Claim: Any principal ideal domain is a UFD
Proof: "Let $D$ be a principal ideal domain and let $d$ be a nonzero element of $D$ that is not a unit. Suppose that $d$ cannot be written as a product of irreducible element. Then $d$ is not irreducible, and so $d = a_1b_1$, where neither $a_1$ nor $b_1$ is a unit and either $a_1$ or $b_1$ cannot be written as a product of irreducible elements. Assume that $a_1$ cannot be written as a product of irreducible element. Now $b_1$ is not a unit, and so we have $dD \subset a_1D$. We can continue this argument to obtain a factor $a_2$ of $a_1$ that cannot be written as a product of irreducible elements such that $a_1D \subset a_2D$. Thus the assumption that $d$ cannot be written as a product of irreducible elements allows us to construct a strictly ascending chain of ideals $dD \subset a_1D \subset a_2D \subset a_3D \subset.....$" (according to the last lemma, this chain contradicts the fact that $D$ is a principal ideal domain)
This is half the proof, namely they proved the first condition for an integral domain to be a UFD, however there are several parts i dont understand, like the one i pointed out in the beginning of the post. Can anyone explain this proof to me?
They are using the convention that any element may be considered as a product (of one factor). Thus if $\,d\,$ is irreducible then it is a (one-factor) product of irreducibles, so any counterexample is reducible. Here is another way to view the proof.
Suppose a counterexample exists. By PID $\Rightarrow$ ACCP, the set of counterexample principal ideals contains a maximal element $(r).\,$ By above, $r$ is reducible $\,r = st.\,$ But by maximality, $\,s,t\,$ have irreducible factorizations hence, appending them, so too does $\,r = st,\,$ contradiction.

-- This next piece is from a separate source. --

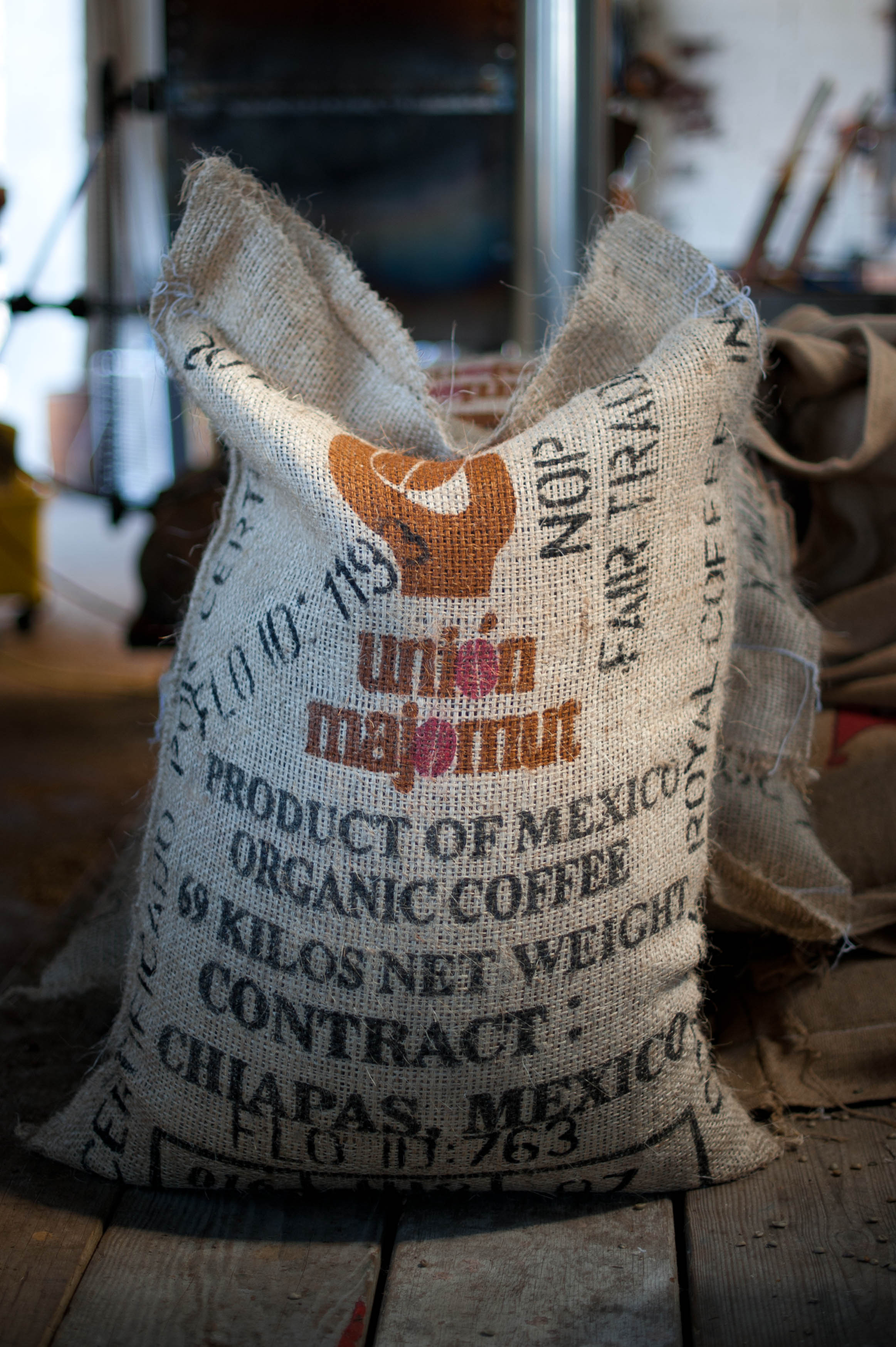 Bag of unroasted coffee beans

Remark $\ $ Interpreted positively, the proof shows if $S\,$ is the set of principal ideals disjoint from a monoid $M$ then $(r)$ is maximal in $\,S \iff r\,$ is irreducible. This is a generalization of the well-known case where $\,M = \{1\},\,$ i.e. $\ (r)$ is maximal among principal ideals $\iff r$ is rreducible.
This is a specal case of a wide class of results where elements satisfying such maximality properties are irreducible or prime, e.g. see this answer. One beautiful example along these lines is a famous theorem of Kaplansky that a domain is a UFD $\iff$ every prime ideal $\ne 0$ contains a prime $\ne 0$ (or, equivalently, every prime ideal is generated by primes).
The essence of results like this are often clarified when one studies localization. If you do so, I recommend that you revisit these results and view them from that perspective in order to gain further insight.